手書きタイトルの本

【本棚からひとつかみ】…手書きタイトルの本

 今日はブックオフ・田無店の108〜200円コーナーの棚から、手書きタイトルの本を探してひとつかみ購入。


 ▶︎写真左、装幀:重原隆、装画・題字:井筒啓之新堂冬樹『僕の行く道』(双葉社、2005年)の題字が気になった。描き方はいろいろ考えられるが、普通は、スミ(黒)で書いて、パソコンに取り込み、別に作った色の画像を文字の部分に当てはめる。しかし、この文字をルーペ(拡大レンズ)でみてみると、基本の文字色・紫と、赤や青や緑の色がわずかに元の色とずれている。
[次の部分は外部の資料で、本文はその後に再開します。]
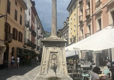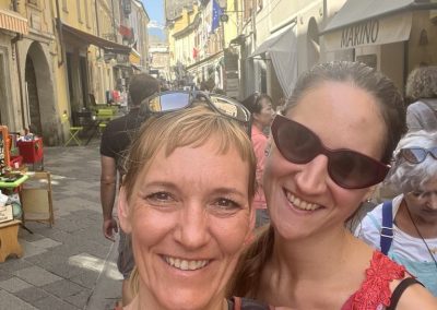 Čas nam dopušča, da si ogledamo slikovito mesto Aosta, ki je prava skrita dragocenost in ponuja obiskovalcem nepozabno mešanico zgodovine, kulture in naravnih lepot. Ko z Anjo raziskujeva slikovito mestece prepredeno z malimi ulicami, preberem, da je Aosta bila ustanovljena v rimskih časih kot Augusta Praetoria. Sprehodiva se po starodavnih rimskih ruševinah, kot so mestno obzidje, občudujeva amfiteater, katedralo Santa Maria Assunta, Calvinov križ (Croix de Ville), cerkev svete Uršule in njen romanski zvonik. Aosta je mesto, ki združuje preteklost in sedanjost, kulturo in naravo, tradicijo in sodobnost. Ne glede na to, ali ste ljubitelj zgodovine, kulture, narave ali pa preprosto iščete sprostitev v čudovitem okolju, vas bo Aosta zagotovo očarala.
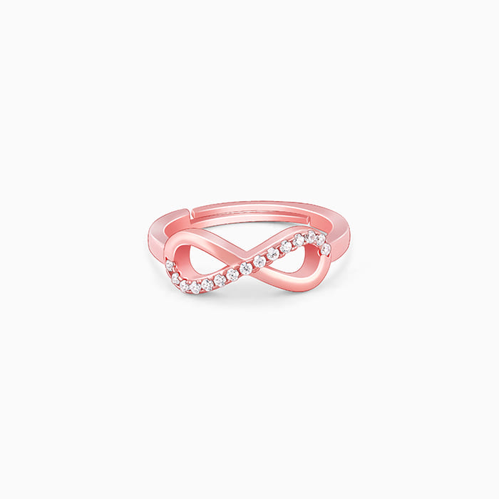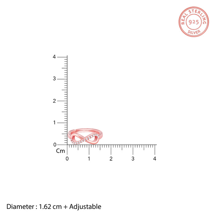 This rose gold ring has an infinity motif having one diagonal set with zircons.
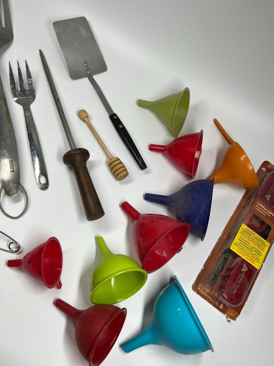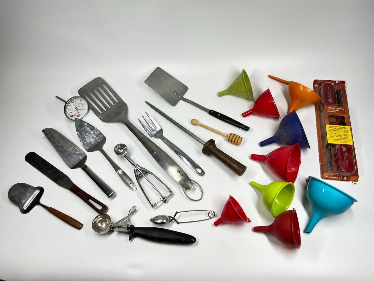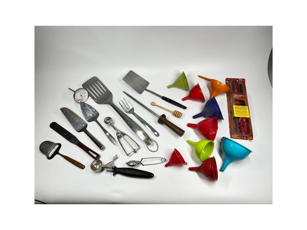 Lot of Kitchenware Utensils Spatulas, Funnels, Ice Cream Scoops & More
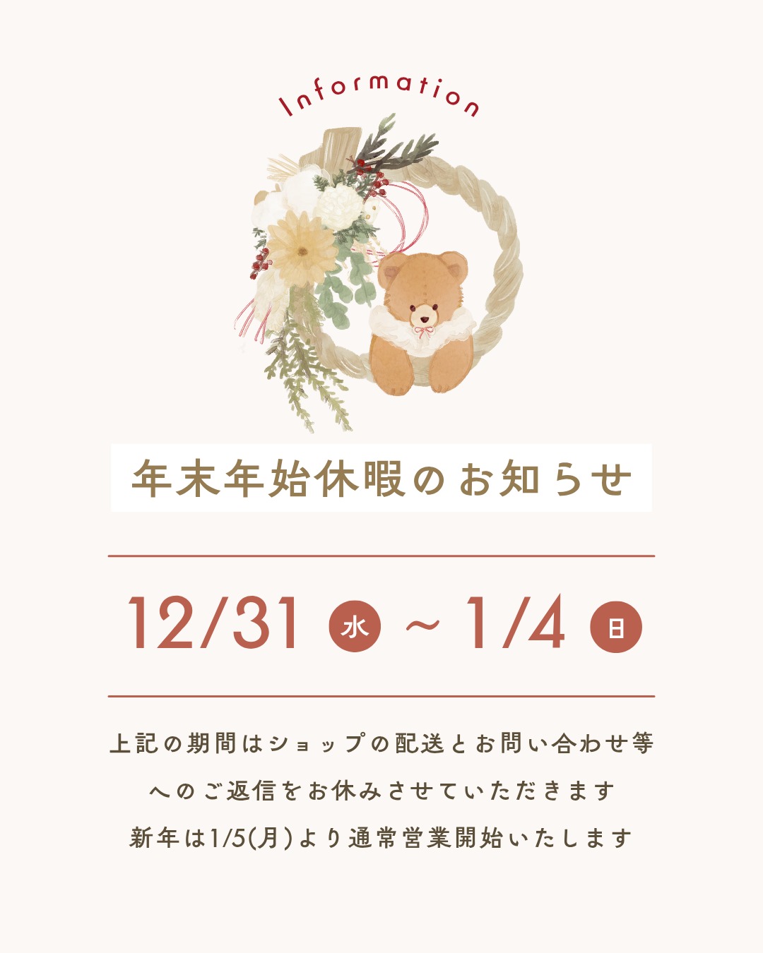 12/31(水)~1/4(日)】 の期間オンラインショップの休暇 を取らせていただきます。

ということは、紫で書いた細い文字の上に、さらに色をのせて書いたのかな、と推察するが、どんなもんでしょうか?

 ▶︎写真中、装丁:平野甲賀、装画:村上豊津本陽『龍馬』(角川書店、平成13年)は、最強タック結成というような見出しがつきそうな大物同士が手を組んだ装丁だ。平野甲賀は現役の手書き文字では第一人者といってよいだろうし、時代小説の挿絵や絵本で活躍する村上豊も特に装丁家と組まなくともいいのでは、と思わせるほどたくさんの装丁を手がけている。黒いタイトル文字は、銀泊を熱すると黒くなるあの色を模した黒泊を使って、咸臨丸や黒船を思い起こさせる。もしかしてこの本は改装版? さらなる売れ行き向上を願って新装版のための最強コンビを組んだのだろうか。手元の本は初版なので売れ行きを探ることができないのがざんね〜ん。

▶︎写真右、坂川栄治:装幀、水上多摩江:装画(題字共)、角田光代『八日目の蝉』(中央公論社、2009年16版)、2007年初版から2年で16版はさすが。著者の知名度もさることながら坂川栄治+水上多摩江の装幀も後押ししているはず、と評価してもらいたい。前回紹介した『金色の魚』もこの二人の共作だが、この本のタイトルもイラストもしびれるね、肩の力の抜け具合がたまらないんだよね。帯には「堂々10万部突破のノンストップ・サスペンス」とある。強烈な内容とはうらはらに、押しの弱い抑えぎみの表現はなかなか難しい。